Dickens hizo un gesto. Salimos detrás de él de aquella habitación llena de humo y nos dirigimos hacia el oscuro rellano.
—Detective Hatchery —dijo el escritor—, ¿ha oído usted hablar de ese tratante chino de opio subterráneo llamado Rey Lazaree?
—Sí, señor.
—¿Y conoce usted esa Ciudad Subterránea de la que Sal habla con terror?
—Sí, señor.
—¿Y está a una distancia razonable andando?
—La entrada sí, señor.
—¿Nos llevaría hasta allí?
—Hasta la entrada sí, señor.
—¿Y nos conduciría usted por esa… Ciudad Subterránea… y continuaría siendo el Virgilio para estos dos Dantes en su búsqueda?
—¿Me está pidiendo que le lleve dentro, al interior de la Ciudad Subterránea, señor Dickens?
—Eso es, inspector —dijo Dickens, casi entusiasta—. Eso es. Por el doble de la tasa que acordamos antes, por supuesto, ya que esta aventura es doble.
—No, señor, no lo haré.
Vi que Dickens parpadeaba, sorprendido. Levantó su bastón y le dio, con el pico de ave de bronce, unos golpecitos leves al gigante en el pecho.
—Vamos, vamos, detective Hatchery. Dejemos las bromas. Por el «triple» de la cantidad que acordamos, ¿nos mostrará al señor Collins y a mí ese lugar y nos introducirá en esa tentadora Ciudad Subterránea? ¿Nos conducirá a Lazaree y a Drood?
—No, señor, no pienso hacerlo —dijo Hatchery. Su voz sonaba alterada, como si el humo del opio le hubiese afectado—. No pienso entrar en la Ciudad Subterránea bajo ninguna circunstancia. Ésa es mi última palabra al respecto, señor. Y le ruego, si valoran ustedes sus almas y su cordura, que ustedes tampoco bajen ahí.
Dickens asintió, como si estuviera pensando en su consejo.
—Pero nos mostraría…, ¿cómo la llamó?, la «entrada» a la Ciudad Subterránea, ¿no?
—Sí, señor —dijo Hatchery. Sus palabras, muy bajas, sonaron como si alguien desgarrara un papel grueso—. Se la mostraré… a mi pesar.
—Con eso basta, detective —dijo Dickens, que se dispuso a dirigir el camino de bajada por la oscura escalera—. Es justo y bueno. Es más de medianoche, pero la noche es joven. Wilkie y yo seguiremos y bajaremos solos.

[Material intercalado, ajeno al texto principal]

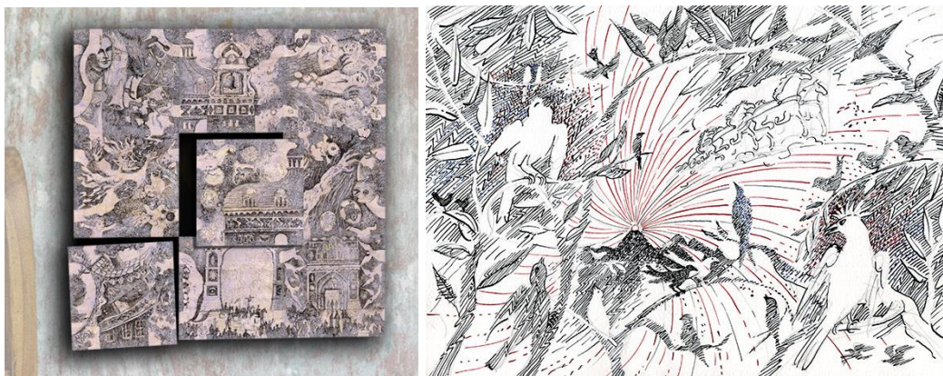
Kunst Spiel „Bilder einer Ausstellung“ und Zeichnung aus der Beethoven-Mappe © Séverin Krön

Für eine Spendensumme von 1.000€ gibt es ein privates „Hauskonzert“ eines Ensembles der Philharmonie Salzburg, bestehend aus 2 – 3 MusikerInnen.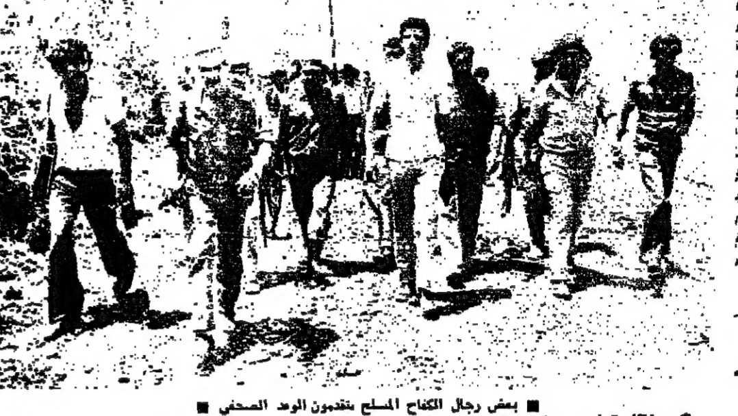
بعض رجال الكفاح المسلح يتفحصون الوعد الصحي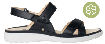
Ganter Evi € 159,- Glattleder, dunkelblau

Viele weitere Modelle bei Vega Nova – 6 x in Österreich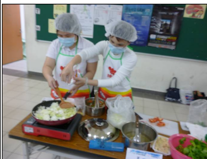
健康便當烹飪比賽—參賽同學烹調情形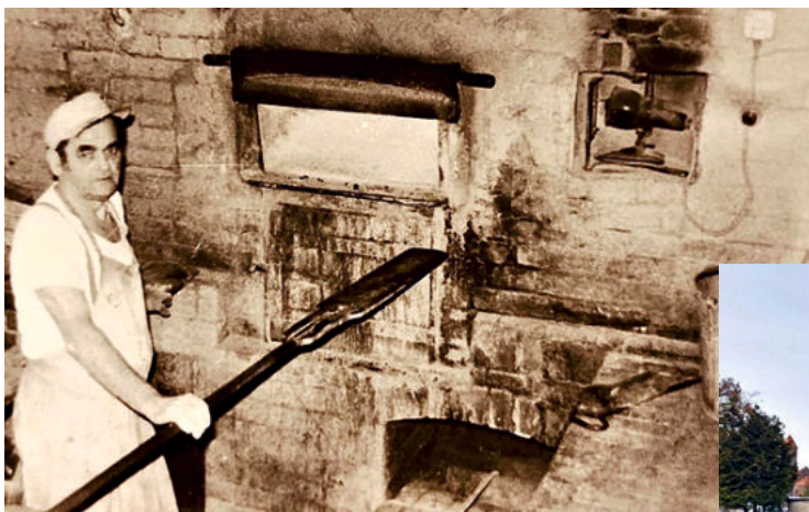
Bäcker Mönch in der damaligen Dorfgemeinschaftsbäckerei

Fragen und Wünsche zur Beteiligung können bereits jetzt an Buergergenossenschaft-Bobbau@web.de gerichtet werden.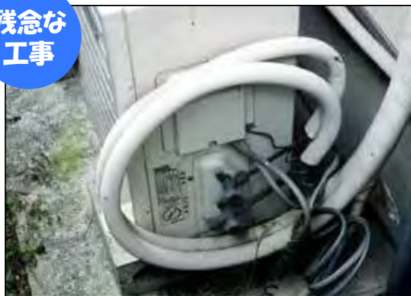
余分な配管をカットせず後ろで巻いている。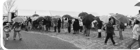
しじみ汁 無料配布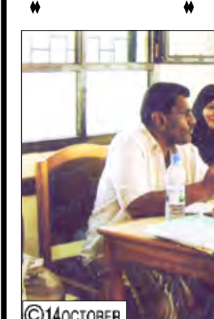
خلال الاجتماع التأسيسي للجمعية النسوية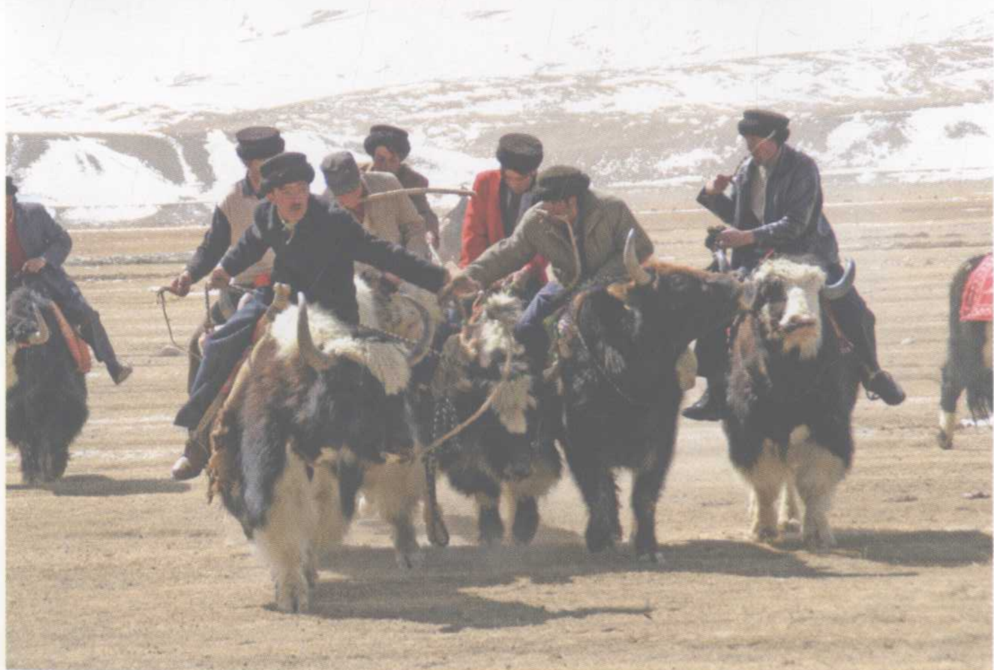
牦牛刁羊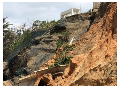
Figura 1 Estado Actual en el Paseo Lineal

En la Figura 1 se puede apreciar dos tipos de sedimentos encontrados. El de la izquierda fue introducido como método para el control de erosión a través de geo-muros el cual es un sistema de contención de tierra estabilizada mecánicamente. A la derecha se puede ver el terreno natural encontrado en la región.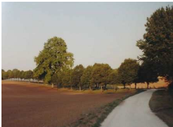
Figures 117 et 118 : Au fond, on aperçoit l'allée de tilleuls qui se prolonge sur plus de 2 km dans la perspective du château de Commercy (France). Plantée vers 1721 ou 1750, elle est protégée comme site remarquable depuis 1911. L'ensemble, maintenant en partie dans une zone urbanisée, comprend près de 500 arbres, dont certains plus que centenaires, et fait régulièrement l'objet de restaurations.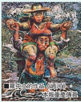
■羅中立的作品《過河》。

此外,重慶文化產權交易中心還通過一系列制度設計,對交易參與主體實行實名會員制管理,對上市藝術品實行漲跌幅限制、停牌、要約交易、退市等控制,並引入了擔保機構,防止市場風險,保障投資人的合法權益。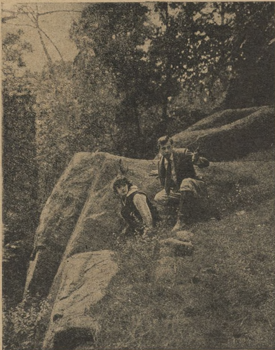
«El rey de la audacia»

El colorido de la decoración del cabaret se hizo en negro y oro. El fondo es una masa sólida de tela dorada, con enormes columnas rematadas en cúpu-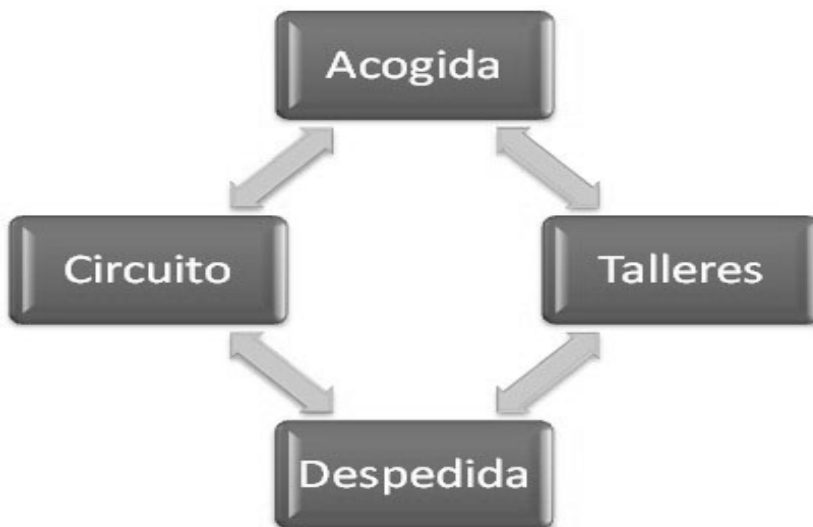
Figura 3. Fases de la propuesta educativa. Elaboración propia.

A su vez, cada equipo de trabajo se dividió en 6 equipos para las visitas y en 6 equipos para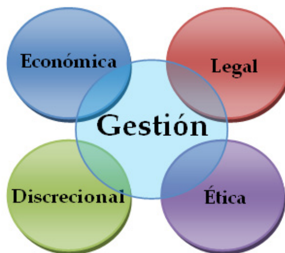
Figura 4. Responsabilidades de los administradores empresariales.

Carroll (2000), afirma que los administradores de organizaciones empresariales tienen cuatro responsabilidades, tal como muestra la figura 4: económica, legal, ética y discrecional.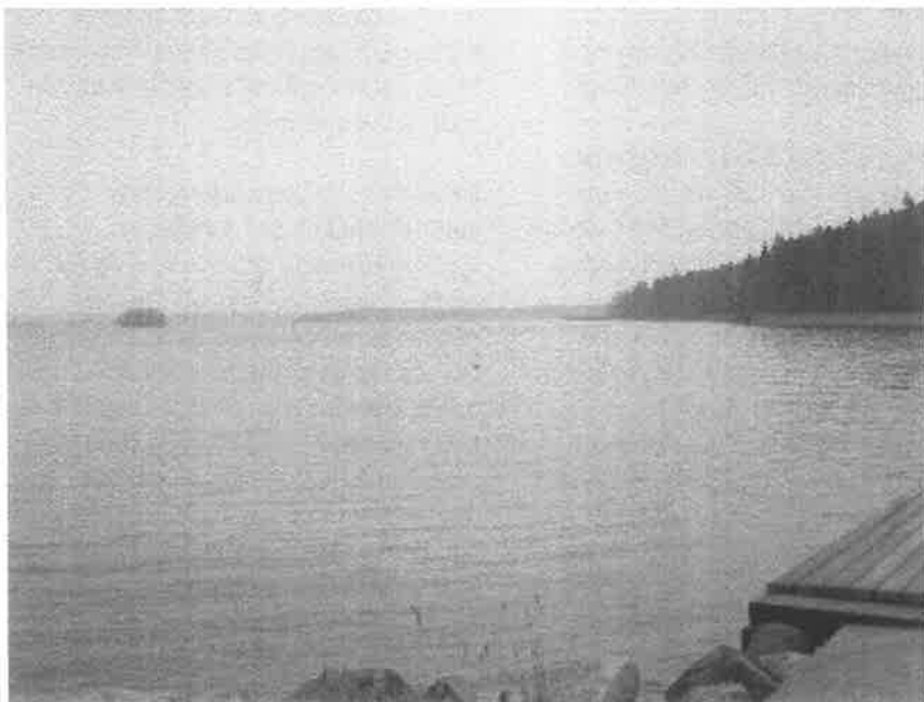
Hässelbyholms brygga, vy mot Norrfjärden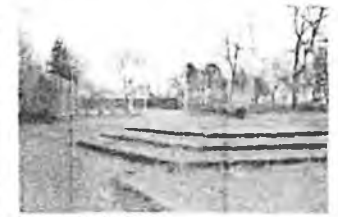
Blick nach Norden auf das Sportfeld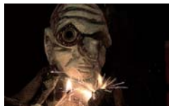
Hermanas Trapp Max y Moritz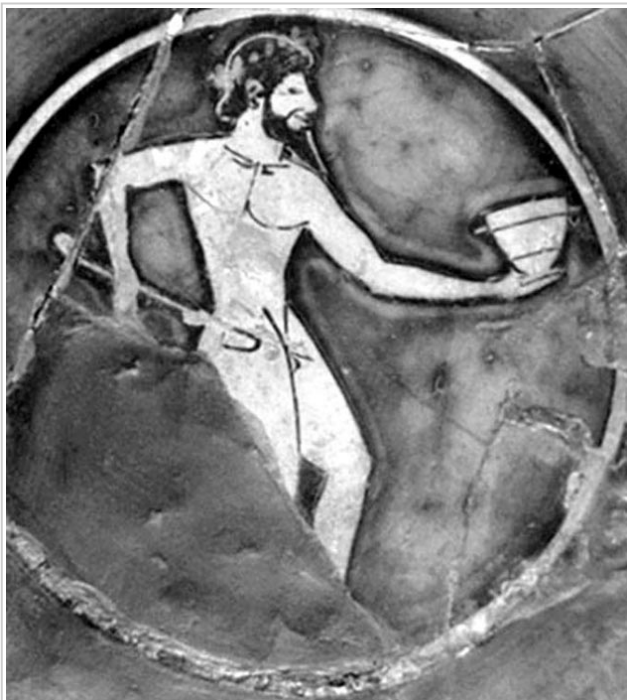
Empúries, MAC-B 612 MIRÓ 2006, nº 1, fig. 354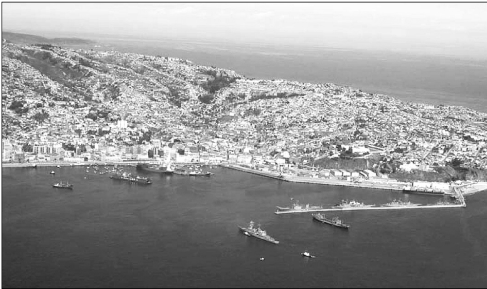
FOTO 2. El puerto de Valparaíso

Como su desarrollo urbano se caracteriza por la falta de espacio, las autoridades han realizado permanentes esfuerzos de relleno en espacios que inicialmente formaban parte del mar, en segundo término el proceso de poblamiento de los cerros ha sido sacrificando la cobertura vegetal, configurando una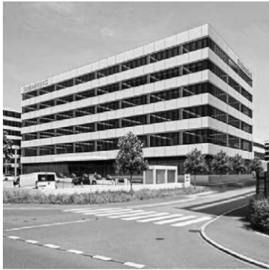
Siemens TH1c, 6300 Zug Gebäude-Gesamtsanierung inkl. den kompletten HLKS-Anlagen in der BIM Methode für ca. 20 000 m 2 Büro- und Labornutzung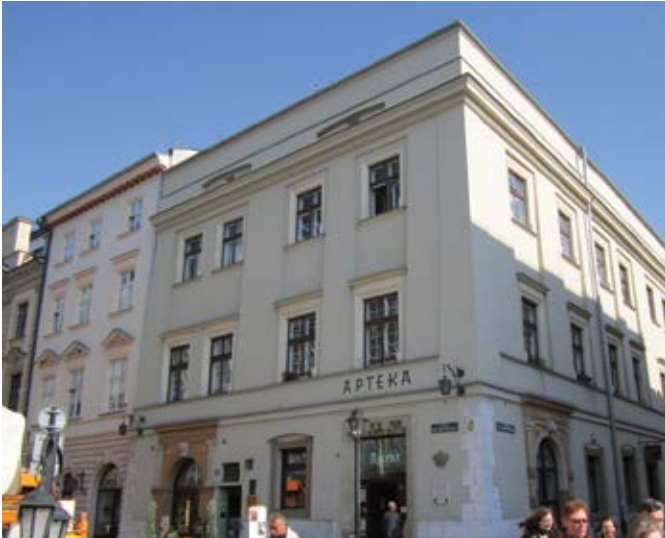
Kamienica „Pod Gruszką” na rogu ulic Sławkowskiej i Szczepańskiej w Krakowie zakupiona pod koniec XVII w. przez Andrzeja Żydowskiego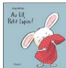
Au lit, petit lapin !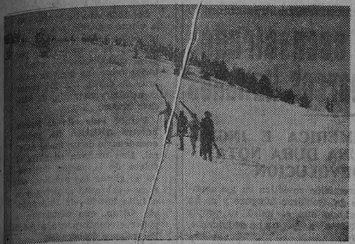
Las pistas de La Molina, donde se celebrarán los Campeonatos nacionales de esquí durante la semana próxima

En el equipo castellano faltan algunas figuras tradicionales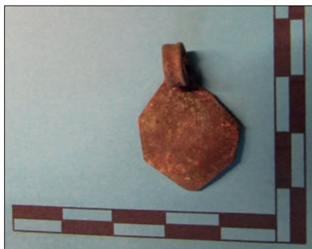
Figura 5.- Fotografía del aplique geométrico.

12.12.106.A2.3: Dos sítulas. Se encuentran sin restaurar y están fabricadas en una aleación de cobre, posiblemente bronce. Medidas de la sítula mejor conservada: Altura: 21 cm, Anchura: 24 cm, Longitud: 26 cm y Grosor: 0'4 cm. Tiene una forma cilíndrica con un borde exvasado, galbo curvo y un fondo en umbo. Perteneciente a la Agrupación 2. Se encuentran expuestas en las vitrinas sin acabar el proceso de restauración.

El enorme detective bajó los escalones detrás de Dickens. Me costó un minuto seguirlos. El denso humo de opio en la habitación cerrada debía de haber afectado a mis nervios o músculos por debajo de la cintura, porque notaba las piernas pesadas, plomizas, carentes de respuesta. En términos literales, no podía obligar a mis piernas y a mis pies a que dieran el siguiente paso y bajaran la escalera.
Luego, con picores y dolor por todas partes, como cuando un miembro se duerme sin que se dé cuenta su propietario, fui capaz de dar el primer paso torpe hacia abajo. Tuve que apoyarme en mi bastón de paseo para evitar caerme.
—¿Vienes o no, Wilkie? —Por el negro hueco de la escalera, la voz de Dickens me llegó execrablemente emocionada.
—¡Sí! —exclamé, añadiendo un silencioso «maldita sea tu estampa»—. Ya voy, Dickens.